* **Data entries**:
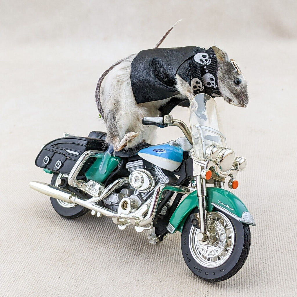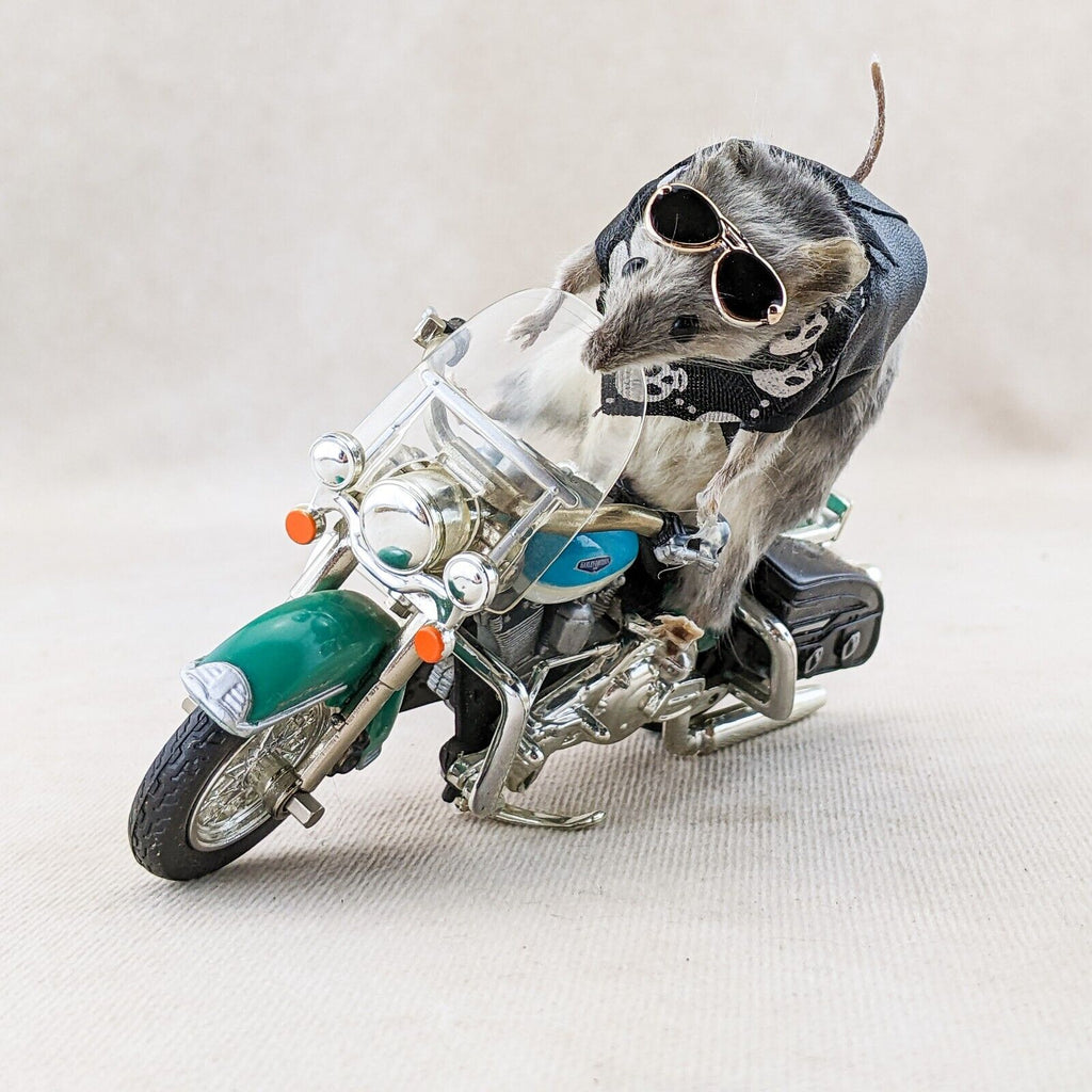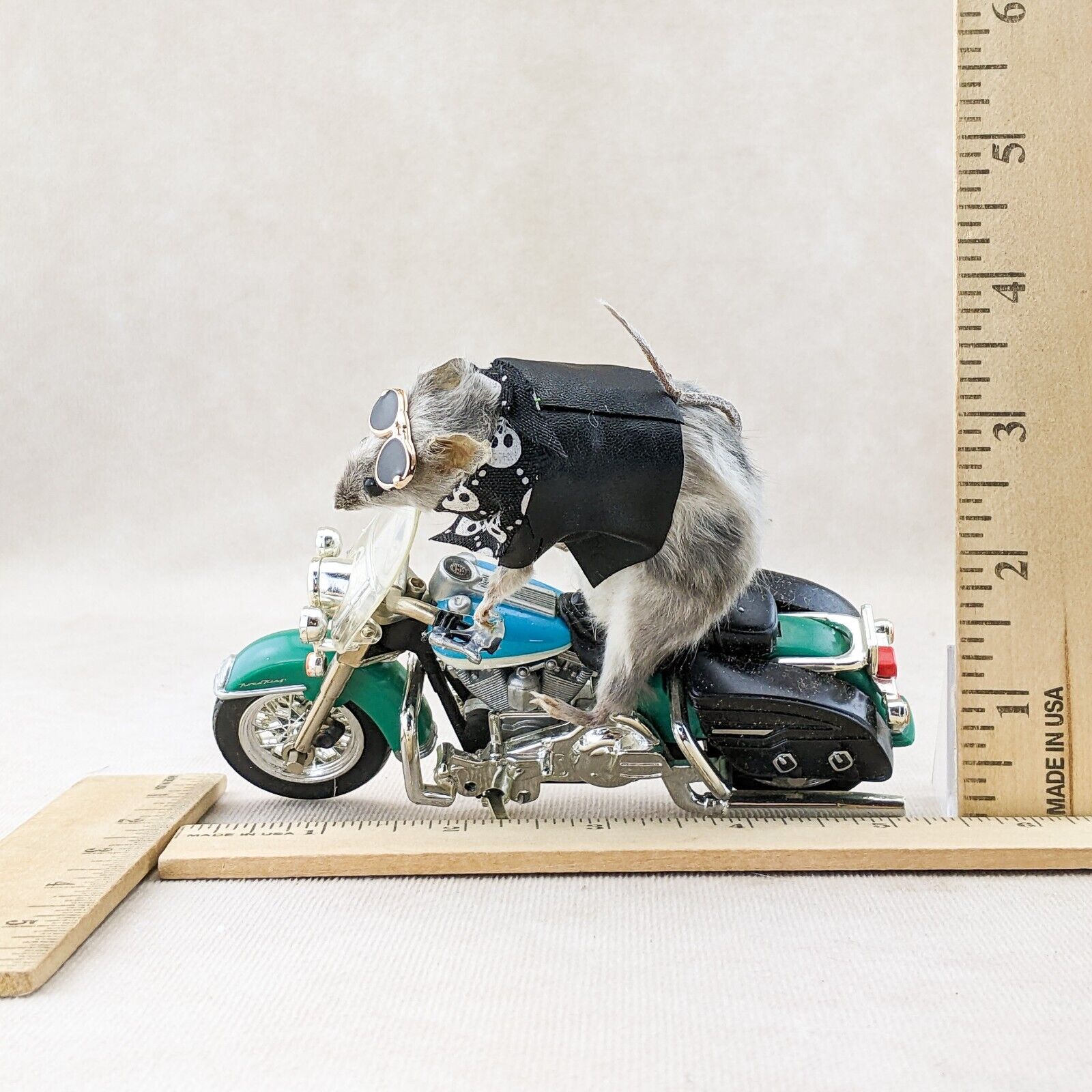 A37h #8 Taxidermy Mouse Motorcycle Rider!  "Max" is ready for action!  He is on his bike and ready to go.  He is riding his black/grey cycle, has his black skull bandanna, his black leather vest and his gold rimmed aviator shades for extra style!  He is in Illinois so there is no helmet law! He measures is approximately 4" x 5" x 2" and sits up using the bike's kickstand. This makes a great gift for the local motorcycle club or the rider in your family!
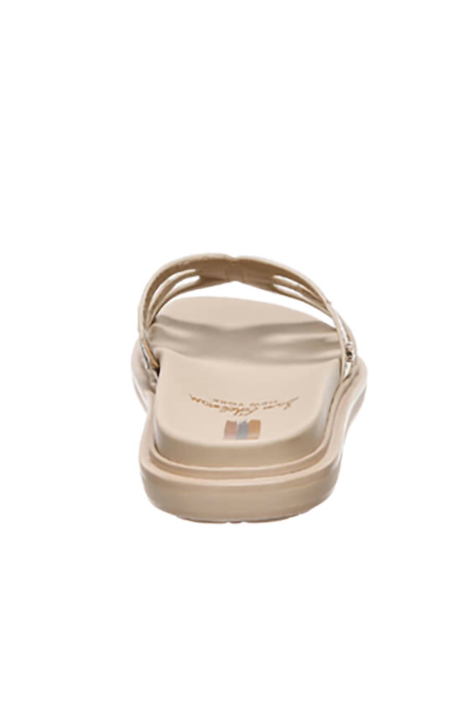 Classicly cute and all-day-wearable. We love this sandal. Step into the Sam Edelman Women's Valeri Slide Sandal, a modern twist on a timeless style. Crafted from Gold Leaf Leather, this sandal features an open toe design and a comfortable slip-on closure. With a cushioned footbed, it offers all-day comfort on a .5-inch platform heel. Ideal for the fashion-forward woman, these sandals effortlessly combine style and ease.
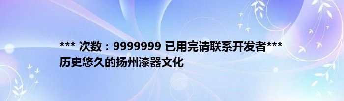 大家好,综合小编来为大家讲解下。*** 次数:9999999 已用完请联系开发者*** 历史悠久的扬州漆器文化这个很多人还不知道,现在让我们一起来看看吧!
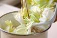 白菜、エノキを加え、煮立ったら<調味料>を入れて全体を混ぜる。鍋の蓋をして10~15分位煮て、野菜がしんなりしたら火を止める。
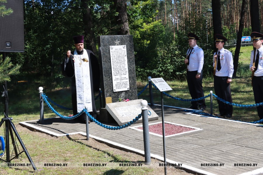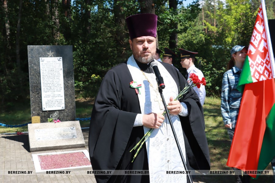 Благочинный Березинского церковного округа протоиерей Илья Гончарук в своём выступлении призвал сотворить молитву в упокоение душ павших в боях за Родину и отслужил молебен у памятника.

* **WHAT YOU WILL DO**: Reproduce verbatim every line starting at the line that holds "大家好,综合小编来为大家讲解下。*** 次数:9999999 已用完请联系开发者***" and ending with the final line of the data; omit the pictures.

* **RESULT OF THE EXERCISE**:
 大家好,综合小编来为大家讲解下。*** 次数:9999999 已用完请联系开发者*** 历史悠久的扬州漆器文化这个很多人还不知道,现在让我们一起来看看吧!
 白菜、エノキを加え、煮立ったら<調味料>を入れて全体を混ぜる。鍋の蓋をして10~15分位煮て、野菜がしんなりしたら火を止める。
 Благочинный Березинского церковного округа протоиерей Илья Гончарук в своём выступлении призвал сотворить молитву в упокоение душ павших в боях за Родину и отслужил молебен у памятника.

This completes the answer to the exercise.